*** Opening of INFORMATION PROVIDED ***
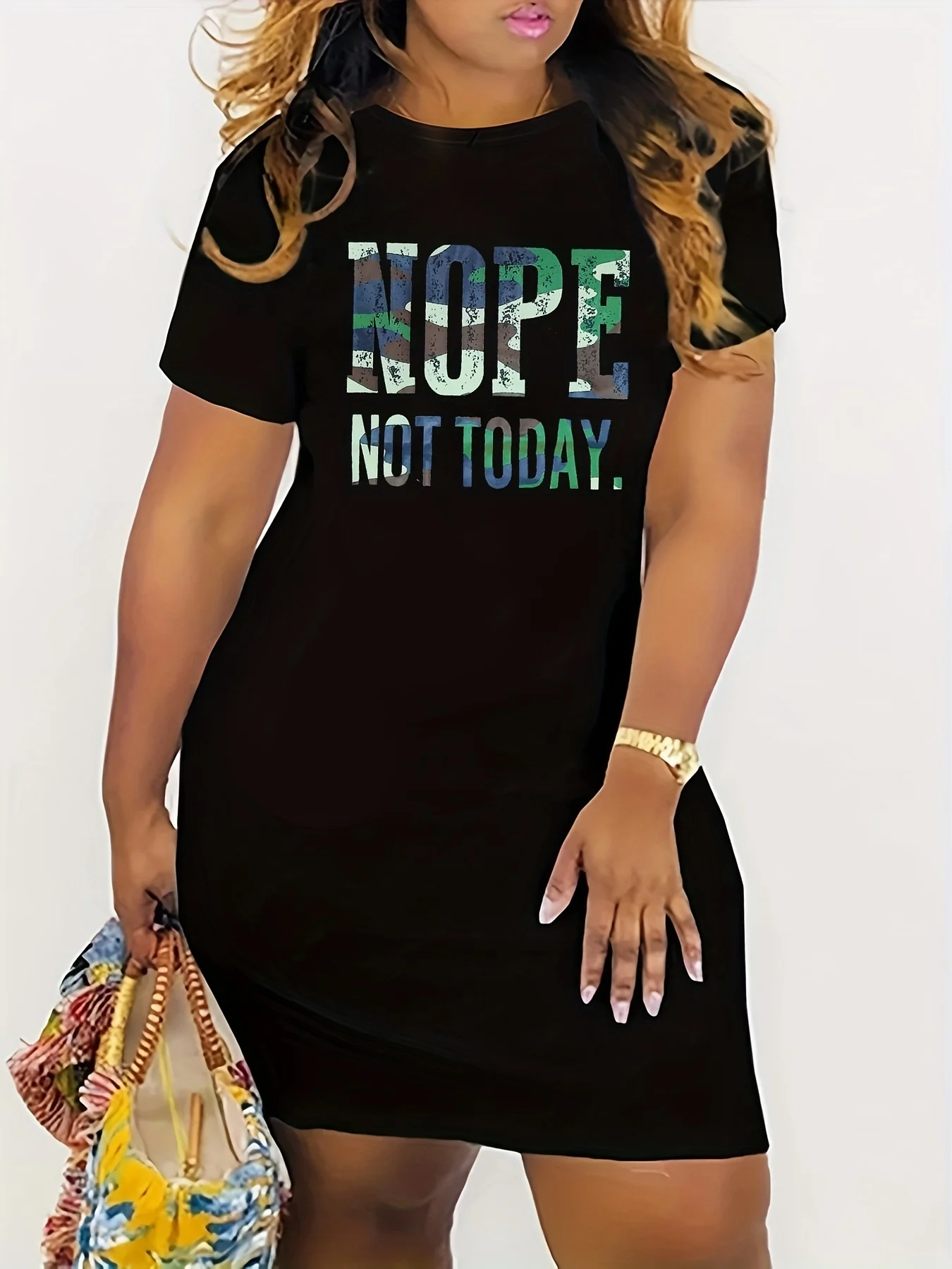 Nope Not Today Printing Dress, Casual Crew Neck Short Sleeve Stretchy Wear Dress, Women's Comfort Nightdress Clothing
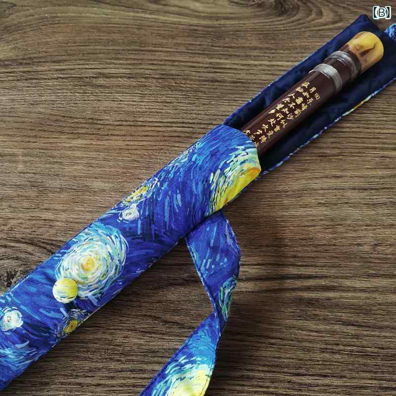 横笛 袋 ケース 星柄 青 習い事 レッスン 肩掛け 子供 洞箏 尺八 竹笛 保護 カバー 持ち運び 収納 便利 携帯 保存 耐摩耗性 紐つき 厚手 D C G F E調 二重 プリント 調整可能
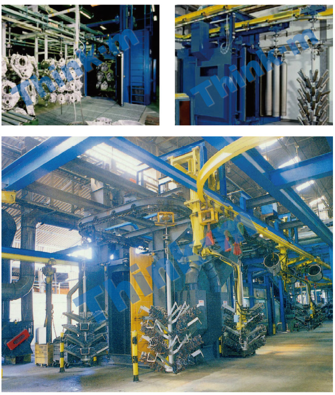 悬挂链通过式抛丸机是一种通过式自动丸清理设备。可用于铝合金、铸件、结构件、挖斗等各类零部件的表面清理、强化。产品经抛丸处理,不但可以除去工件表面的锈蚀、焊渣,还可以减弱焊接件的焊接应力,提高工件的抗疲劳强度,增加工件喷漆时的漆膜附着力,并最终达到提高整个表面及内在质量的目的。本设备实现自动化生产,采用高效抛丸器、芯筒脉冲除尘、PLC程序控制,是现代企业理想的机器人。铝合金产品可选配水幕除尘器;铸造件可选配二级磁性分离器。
*** Close of INFORMATION PROVIDED ***
[WHAT NEEDS TO BE DONE]:
The required output consists only of the lines from the one containing "横笛 袋 ケース 星柄" to the last line of the material, reproduced exactly, pictures excluded.

[RESULT OF THE EXERCISE]:
 横笛 袋 ケース 星柄 青 習い事 レッスン 肩掛け 子供 洞箏 尺八 竹笛 保護 カバー 持ち運び 収納 便利 携帯 保存 耐摩耗性 紐つき 厚手 D C G F E調 二重 プリント 調整可能
 悬挂链通过式抛丸机是一种通过式自动丸清理设备。可用于铝合金、铸件、结构件、挖斗等各类零部件的表面清理、强化。产品经抛丸处理,不但可以除去工件表面的锈蚀、焊渣,还可以减弱焊接件的焊接应力,提高工件的抗疲劳强度,增加工件喷漆时的漆膜附着力,并最终达到提高整个表面及内在质量的目的。本设备实现自动化生产,采用高效抛丸器、芯筒脉冲除尘、PLC程序控制,是现代企业理想的机器人。铝合金产品可选配水幕除尘器;铸造件可选配二级磁性分离器。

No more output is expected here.